Genome Sequencing Technologies - Part 1
Every individual has a unique DNA sequence, and any changes in DNA can lead to a disease condition. A lot of research has been done so far in the direction of linking the genetic variations with health and disease outcomes. As we know, Human Genome Project (HGP) was one of the largest international collaborative biological projects, whose primary goal was to determine the sequence of human DNA. This project helped in advancement of medical science in many respects like in identification of cancer related genes and mutations, in designing of medicines and prediction of their effects, also, helping in understanding the genetic variation between individuals and designing personalized medications and treatment plans.

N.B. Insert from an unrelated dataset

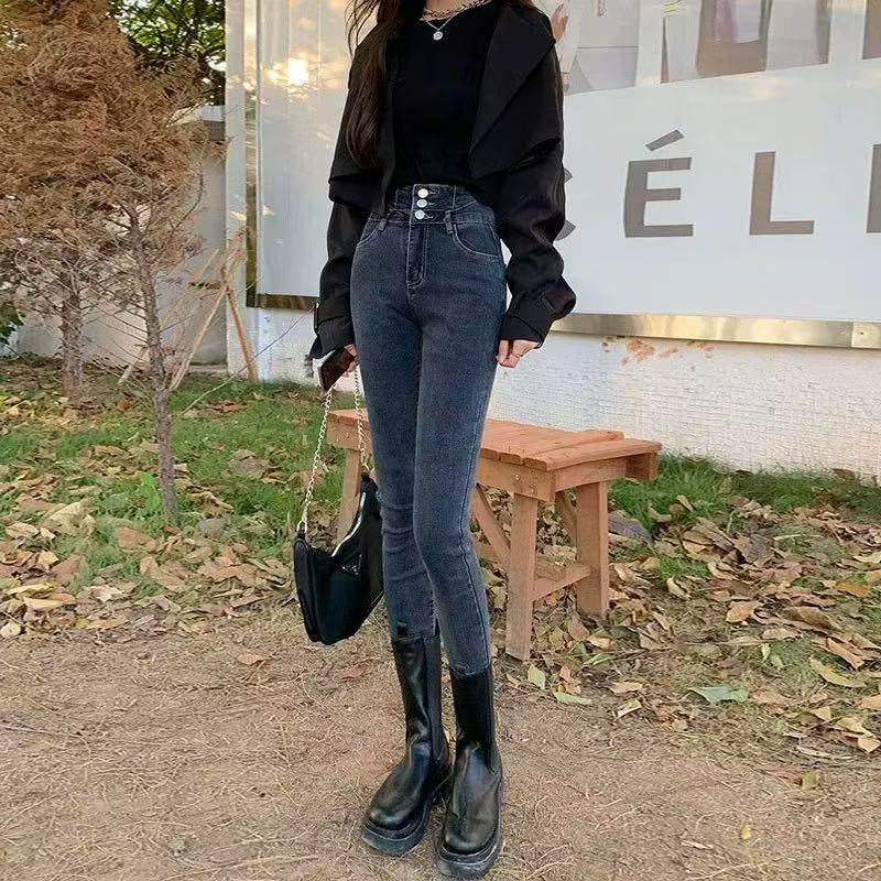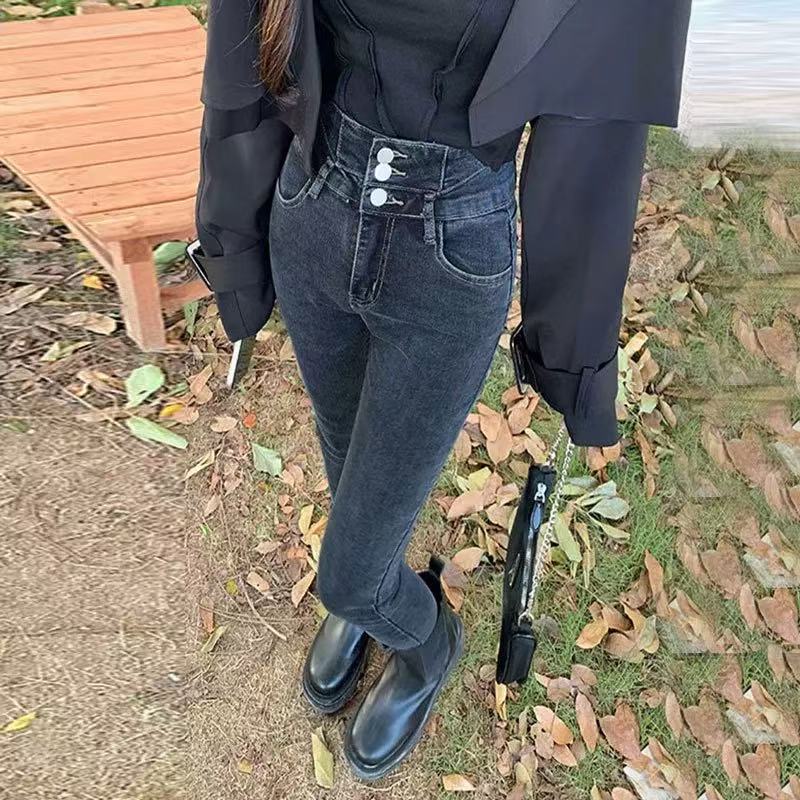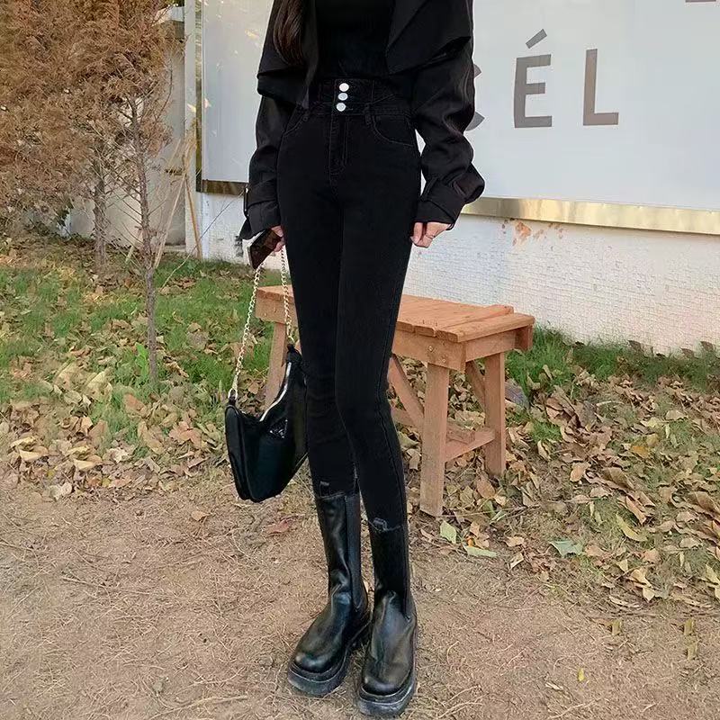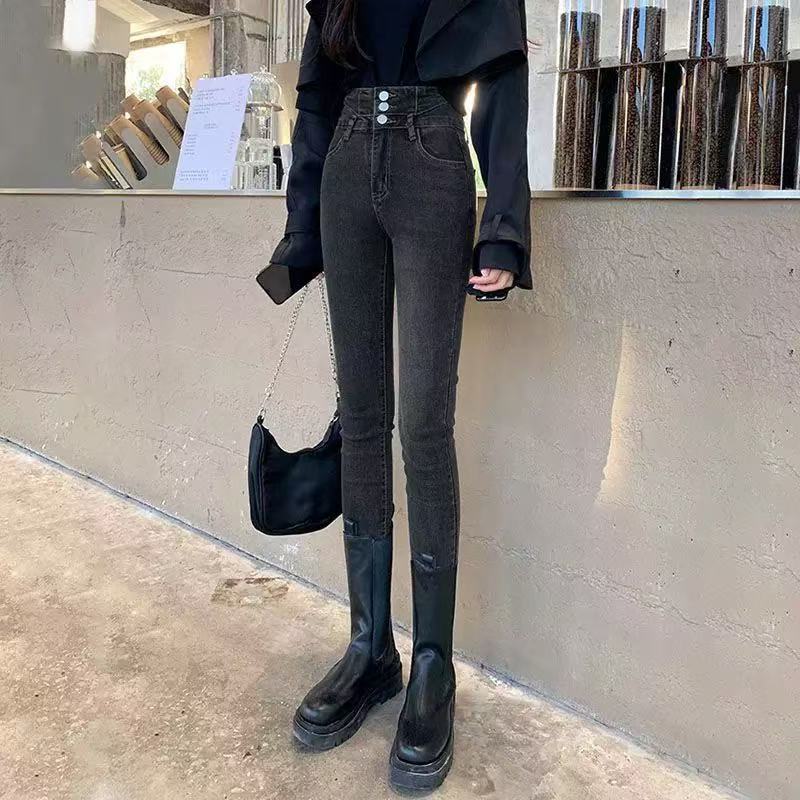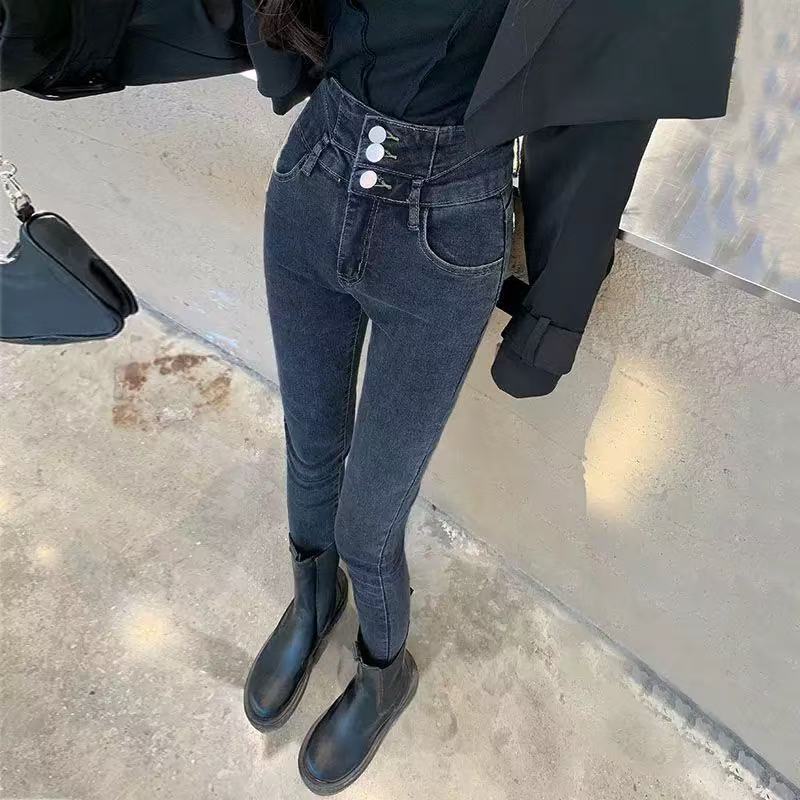 骨格ウェーブボタンハイウエストタイトフィットスキニーパンツ

Sequencing cost has dropped tremendously since 2002, from hundreds of millions of dollars to just a few thousand dollars. Multiple repositories and consortiums have been established since the first genome sequence, building a rich catalog of genomes from people around the world. Also, these have been used to study genomic level changes in different diseases. Not only human genomes are major focus of the community, but also they are focusing in making inventories of the genomes of microbes, plants, and animals. There is a phenomenal increase in the number of sequenced genomes since 1995, from 85 genomes to ~4500 genomes till 2012. With this large amount of data, the analysis and identification of disease specific genomic factors has also become more and more challenging.
In general there are three major sequencing approaches which are widely being used whole genome, exome, and transcriptome sequencing. Based on scientific question and availability of samples one of these approaches are selected which in turn helps in selecting the right sequencing platform.

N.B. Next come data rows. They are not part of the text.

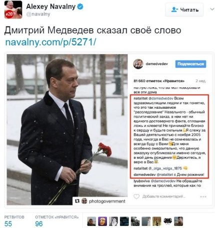 Подписчица Медведева написала, что расследование Навального – это обычный политический заказ.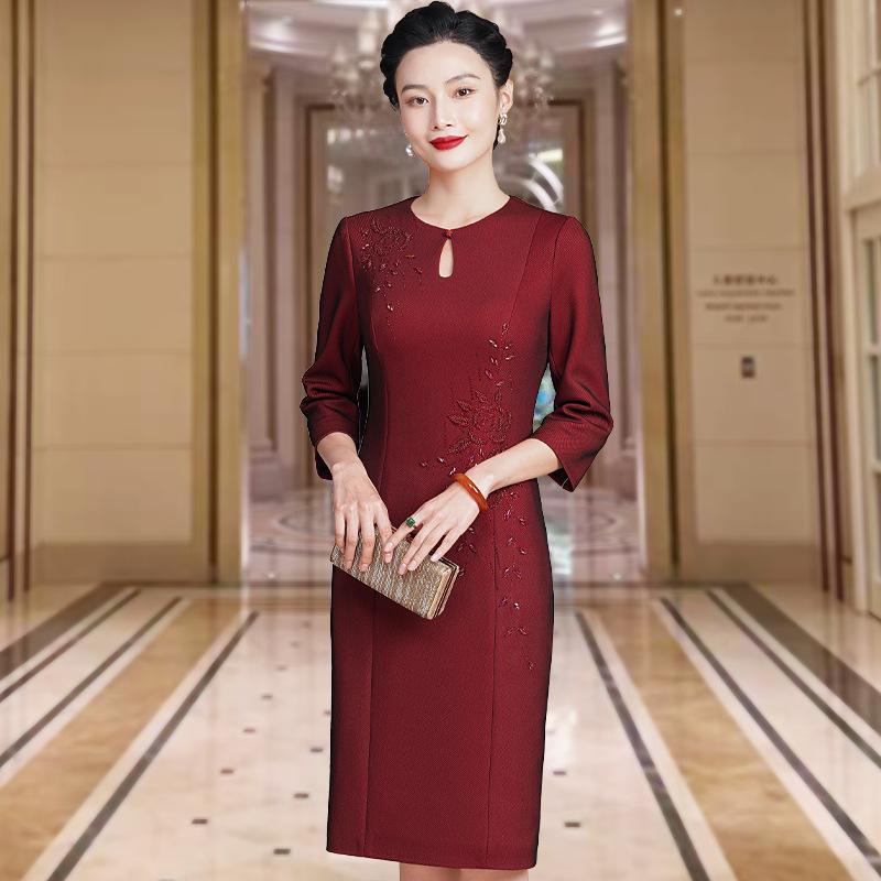 This elegant spring wedding banquet dress is designed for mothers seeking a sophisticated look. Its high-end design features a slimming fit that beautifully contours the figure, complemented by stylish three-quarter sleeves. Made entirely from premium-quality polyester, the dress offers both comfort and durability. The round neckline adds a classic touch, making it a perfect choice for formal occasions.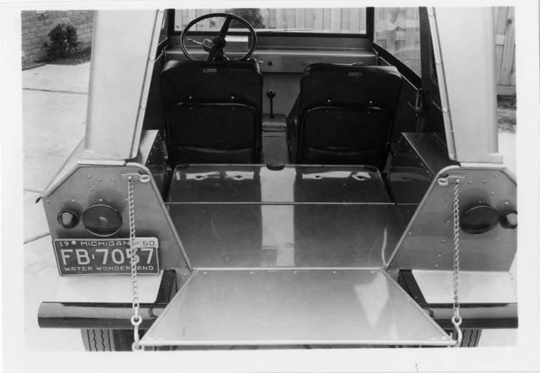 Двухместный пассажирский салон трудно, пожалуй, назвать достаточно комфортабельным. Для входа-выхода служит откидывающийся вперед и вверх прозрачный «фонарь», — решение экзотичное, но не самое оптимальное. Чтобы облегчить посадку и высадку (водитель и пассажир находятся в полулежачем положении), рулевая колонка сделана поворотной в боковом направлении и имеет оригинальное запорное устройство. Удобное расположение контрольных приборов и органов управления позволяет свободно управлять автомобилем. Причем это относится и к людям высокого роста.

Whole genome sequencing is the most expensive method which involves sequencing of entire genome. This technology is still an expensive and difficult method of sequencing. There is a widely used whole genome sequencing technique which is widely used as it produces long and better quality sequencing reads. But there is an important limitation, in order to provide better power to genomic data analysis, a large sample size is required and this being the most expensive technology, is not yet been feasible to be used for population based studies.
Another type of sequencing where the final nucleotide product of our transcription machinery, exons are used. These exons are involved in formation of various proteins in our body. This method is used to identify mutations which help in understanding genetic diseases. This type of sequencing is very useful for identification of genetic abnormalities in congenital defects, in rare genetic disorders. This approach has been favored as it requires only about 5% sequencing of whole genome, which makes it quite cheaper to use. Since there are about 180,000 exons found in the human genome which form all proteins in human body, and the around 85% mutations in these regions have been found to contribute to most of the genetic disorders.

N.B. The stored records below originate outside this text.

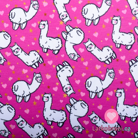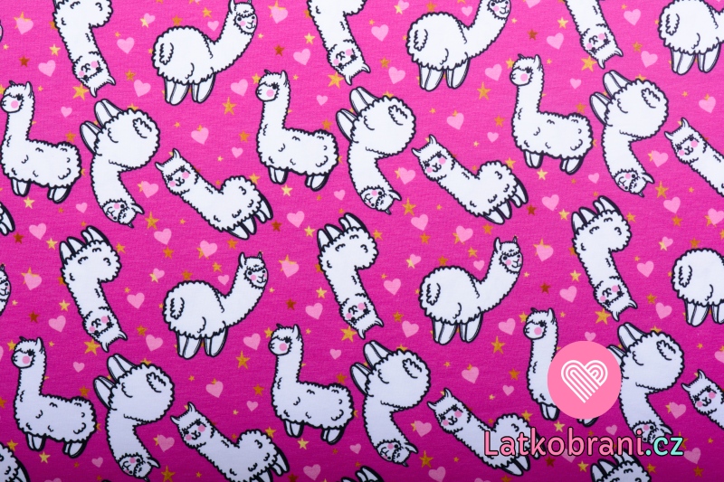 Úplet potisk roztomilé lamy na růžové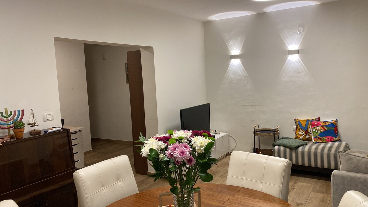 Studio apartment with free parking in a quiet neighborhood with a beautiful garden. Very easy access to public transportation . Also, there is a supermarket and grocery store 3 minutes away by foot. The apartment is split between a sitting and a sleeping area, a separate kitchen, and a sunny dining /sitting space. The studio can sleep two people comfortably: two single beds . Home made Palestinian Breakfast and Middle Eastern meals are available on demand.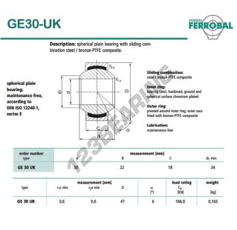 The Rod End Geew known as GE30-UK-DURBAL DURBAL has an inside diameter of 30 mm, an outside diameter of 47 mm and a thickness of 18 mm.

The third and very recent sequencing technology is transcriptomic sequencing. The transcriptome represents a very small percentage of human genome. It has been seen that the transcriptome of a cell is dynamic, as it continuously changes in comparison to human DNA sequence. Due to advancement in next generation sequencing technology, it is now possible to sequence different RNA transcripts in a cell. These transcripts help in understanding, how a single gene codes for multiple proteins, how a hybrid gene is formed by fusion of two genes and how expression of genes alter in a disease condition.
In recent years we have seen a rapid growth and advancement in genomic sequencing technologies. These approaches have been seen highly applicable for both genetic and complex diseases, helping us moving faster towards the goal of personalized medicine. All in all, the future of genomic technologies looks promising.